= Lois Cox =

New Zealand writer

Lois Jennifer Cox is a New Zealand writer. She writes under her own name and is also one half of a writing partnership with Hilary Lapsley which publishes under the pen-name Jennifer Palgrave.

== Biography ==
In 1974, Cox worked with Harvey McQueen to co-edit the first anthology for schools of work by contemporary New Zealand poets, Ten Modern New Zealand Poets.

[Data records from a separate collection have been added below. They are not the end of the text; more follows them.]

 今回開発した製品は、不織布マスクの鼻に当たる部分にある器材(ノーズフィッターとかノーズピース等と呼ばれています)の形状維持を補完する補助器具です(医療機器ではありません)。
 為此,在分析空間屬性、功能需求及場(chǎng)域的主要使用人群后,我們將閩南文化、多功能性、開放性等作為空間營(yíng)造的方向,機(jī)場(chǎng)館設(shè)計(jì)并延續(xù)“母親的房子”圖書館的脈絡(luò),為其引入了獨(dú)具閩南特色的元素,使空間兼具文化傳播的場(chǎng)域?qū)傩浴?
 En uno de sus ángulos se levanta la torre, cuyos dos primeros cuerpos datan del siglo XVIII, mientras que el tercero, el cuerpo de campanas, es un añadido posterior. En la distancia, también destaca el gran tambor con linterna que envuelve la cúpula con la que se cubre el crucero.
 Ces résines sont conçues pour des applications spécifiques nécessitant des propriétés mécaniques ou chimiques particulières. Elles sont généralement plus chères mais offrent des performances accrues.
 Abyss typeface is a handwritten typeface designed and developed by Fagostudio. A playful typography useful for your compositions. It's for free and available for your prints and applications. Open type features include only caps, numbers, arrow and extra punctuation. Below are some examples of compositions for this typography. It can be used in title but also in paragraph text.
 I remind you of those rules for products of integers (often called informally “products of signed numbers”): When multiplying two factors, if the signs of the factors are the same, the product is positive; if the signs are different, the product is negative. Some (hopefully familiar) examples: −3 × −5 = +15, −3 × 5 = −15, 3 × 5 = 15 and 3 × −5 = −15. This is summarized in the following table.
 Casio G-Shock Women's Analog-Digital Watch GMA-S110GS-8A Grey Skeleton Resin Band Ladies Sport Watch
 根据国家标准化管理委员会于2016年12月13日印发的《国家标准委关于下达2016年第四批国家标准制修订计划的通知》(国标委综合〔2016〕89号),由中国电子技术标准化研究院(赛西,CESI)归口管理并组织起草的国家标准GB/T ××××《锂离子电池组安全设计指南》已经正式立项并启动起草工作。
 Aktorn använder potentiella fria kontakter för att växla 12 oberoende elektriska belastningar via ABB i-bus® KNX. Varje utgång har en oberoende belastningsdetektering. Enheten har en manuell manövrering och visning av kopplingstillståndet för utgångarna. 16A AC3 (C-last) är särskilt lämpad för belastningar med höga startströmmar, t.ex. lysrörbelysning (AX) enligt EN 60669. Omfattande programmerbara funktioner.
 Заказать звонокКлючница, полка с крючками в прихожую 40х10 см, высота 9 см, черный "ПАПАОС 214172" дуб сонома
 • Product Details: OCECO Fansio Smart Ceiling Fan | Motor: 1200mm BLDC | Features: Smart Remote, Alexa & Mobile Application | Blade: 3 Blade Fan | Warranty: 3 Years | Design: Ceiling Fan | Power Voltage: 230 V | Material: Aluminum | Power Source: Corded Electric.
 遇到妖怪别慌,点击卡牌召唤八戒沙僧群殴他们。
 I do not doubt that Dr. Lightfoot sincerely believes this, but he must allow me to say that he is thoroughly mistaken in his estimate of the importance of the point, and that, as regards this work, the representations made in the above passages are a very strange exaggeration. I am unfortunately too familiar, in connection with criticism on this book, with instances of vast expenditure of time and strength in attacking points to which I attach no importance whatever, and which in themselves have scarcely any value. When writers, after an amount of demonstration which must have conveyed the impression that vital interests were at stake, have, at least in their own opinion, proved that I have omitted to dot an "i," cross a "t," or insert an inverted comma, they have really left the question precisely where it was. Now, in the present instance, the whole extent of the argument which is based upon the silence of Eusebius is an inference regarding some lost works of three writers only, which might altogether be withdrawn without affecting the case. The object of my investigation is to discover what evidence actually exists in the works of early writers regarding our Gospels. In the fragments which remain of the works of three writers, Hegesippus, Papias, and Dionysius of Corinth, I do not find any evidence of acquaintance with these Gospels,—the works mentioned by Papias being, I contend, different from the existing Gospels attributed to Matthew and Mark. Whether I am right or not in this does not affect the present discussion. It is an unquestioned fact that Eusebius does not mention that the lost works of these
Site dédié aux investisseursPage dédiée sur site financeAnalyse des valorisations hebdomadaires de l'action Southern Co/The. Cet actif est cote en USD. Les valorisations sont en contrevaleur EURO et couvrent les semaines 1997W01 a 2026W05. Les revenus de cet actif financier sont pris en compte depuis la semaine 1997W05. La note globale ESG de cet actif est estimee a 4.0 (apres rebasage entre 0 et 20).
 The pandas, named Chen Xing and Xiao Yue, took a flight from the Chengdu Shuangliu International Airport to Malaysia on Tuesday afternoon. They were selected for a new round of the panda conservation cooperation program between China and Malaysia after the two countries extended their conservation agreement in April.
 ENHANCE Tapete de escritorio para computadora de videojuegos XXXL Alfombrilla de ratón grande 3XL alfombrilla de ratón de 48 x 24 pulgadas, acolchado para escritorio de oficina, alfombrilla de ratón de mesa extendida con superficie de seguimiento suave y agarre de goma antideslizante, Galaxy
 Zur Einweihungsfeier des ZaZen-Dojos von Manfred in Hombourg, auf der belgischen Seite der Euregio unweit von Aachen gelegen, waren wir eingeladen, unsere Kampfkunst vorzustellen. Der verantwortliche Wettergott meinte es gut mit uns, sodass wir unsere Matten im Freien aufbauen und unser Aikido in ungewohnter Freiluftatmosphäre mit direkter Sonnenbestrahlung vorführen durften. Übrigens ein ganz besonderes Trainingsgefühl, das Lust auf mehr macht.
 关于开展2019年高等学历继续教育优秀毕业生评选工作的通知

From 1995 to 1998 she was one of a team of three interviewers who collected oral histories of older lesbians who had grown up in New Zealand in the 1950s and 1960s. In 2000, she received a New Zealand History Research Trust Fund award to develop the project. In 2003, she contributed a chapter to Outlines: lesbian & gay histories of Aotearoa.

== Publications ==

- McQueen H. & Cox L. (1974). Ten Modern New Zealand Poets. Longman Paul.
- Palgrave J. (2019). The one that got away. Town Belt Press.
- Palgrave J. (2021). Rising Tide. Town Belt Press.

== Personal life ==
Cox is in a long-term relationship with Hilary Lapsley. The couple split their time between Cox's home in Wellington and their apartment in an Auckland co-housing development.